Named my son's LS "Penguin" since he has Penguins on the brain. Been trying to come up with something other than Bond for my Black ECO. It's goes everywhere formally dressed in Black with a bowtie.


----------



## zr1000a1 (Jan 25, 2012)

As any good psychopath can tell ya, never name the car. Do not get attached! All cars are "it."

"It rubs the lotion on it's skin or else it gets the hose again...it places the lotion in the basket..."
"Put the lotion in the basket!"
Best performance - Ted Levine - YouTube
It rubs the lotion on its skin, LOL - YouTube


----------



## wilde74k (May 14, 2012)

I call mine "Cruze Light" and by buddy calls his Cruzeweiser


----------



## obermd (Mar 3, 2012)

As far as I can tell all complex machinery is the opposite gender of the primary user of said machine. For cars this means that men have female cars and women have male cars. It allows us to associate what we like best and worst about the opposite gender with our cars. Another reason I'm stuck on naming my ECO MT.


----------



## tecollins1 (Nov 6, 2011)

zr1000a1 said:


> As any good psychopath can tell ya, never name the car. Do not get attached! All cars are "it."


so your saying only psychopaths name their car "it" and not a real name. ... 

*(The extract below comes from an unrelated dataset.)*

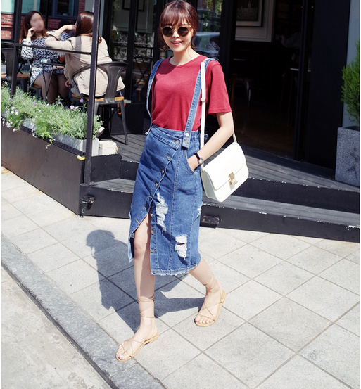 2015秋季新款韓版背帶可以拆卸視覺感很美的牛仔半身裙~ /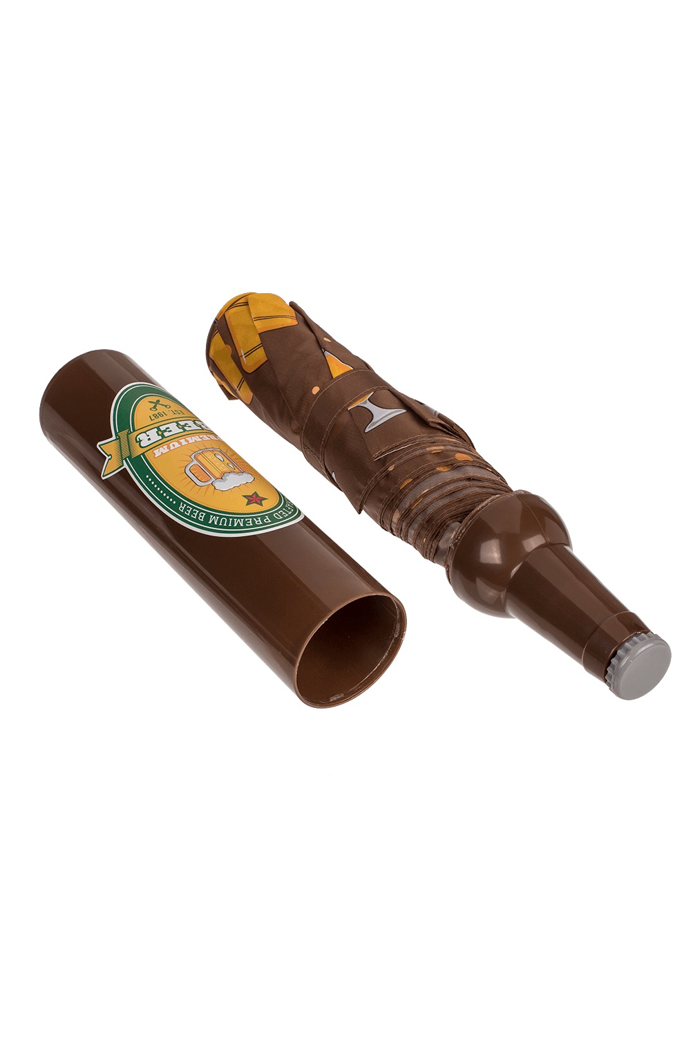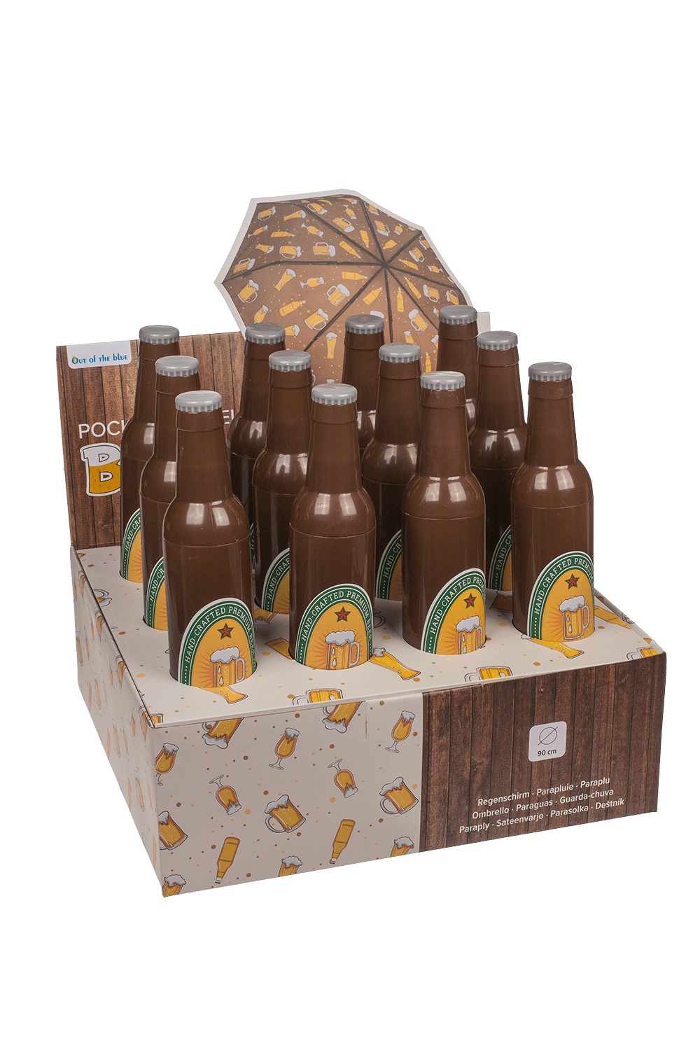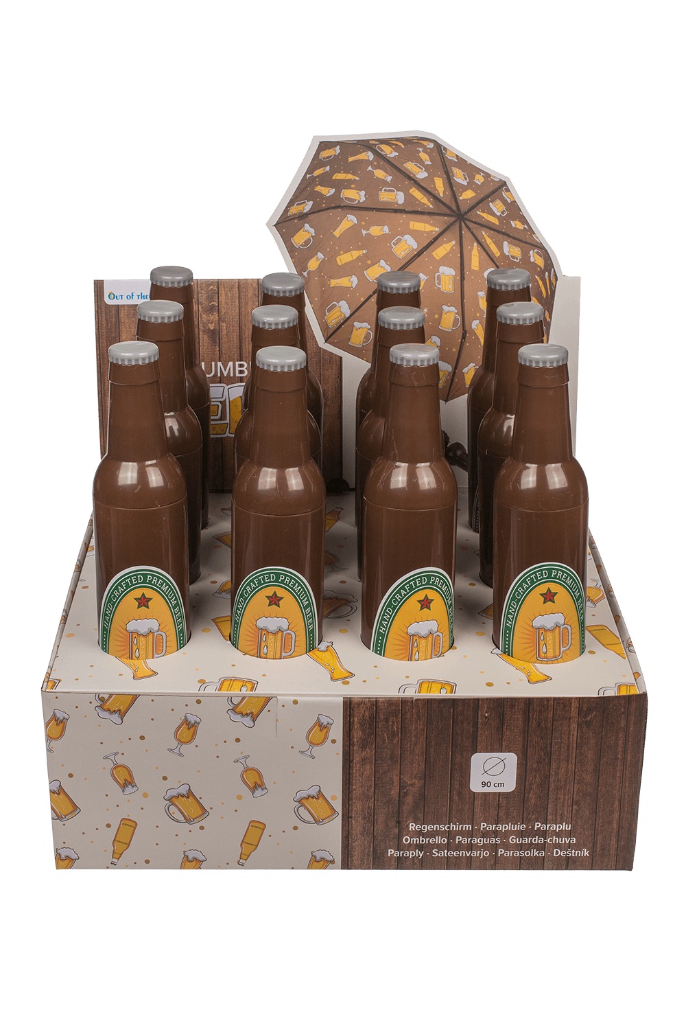 Джобен Чадър в Бутилка Бира - кафяв с принт на бири. Подходящ аксесоар за слънчев или дъждовен ден, парти, карнавал и забавен подарък за любителите на бира.

Glad to know I'm not crazy 


Sent from iPhone 4


----------



## zr1000a1 (Jan 25, 2012)

tecollins1 said:


> so your saying only psychopaths name their car "it" and not a real name. ...
> 
> Glad to know I'm not crazy
> Sent from iPhone 4


Lol. I knew I was in trouble when I posted, yet laziness took over in trying to rewrite it to try to remove that connotation. Now I am going to have to name my car so I do not scare the neighbors or something! It will just make it that much harder to trade her in now. See, I am already humanizing "IT!" It happens. I love my little Jenny, my JennyVibe. <---in my best Forrest Gump imitation. Oddly I now am craving a Dr. Pepper.
Yeah, it is a Pontiac Vibe. That model name alone can cause a lot of connotation problems.
Might have to run to the store and get some Dr. Peppers and shrimp!
Have a nice day,


----------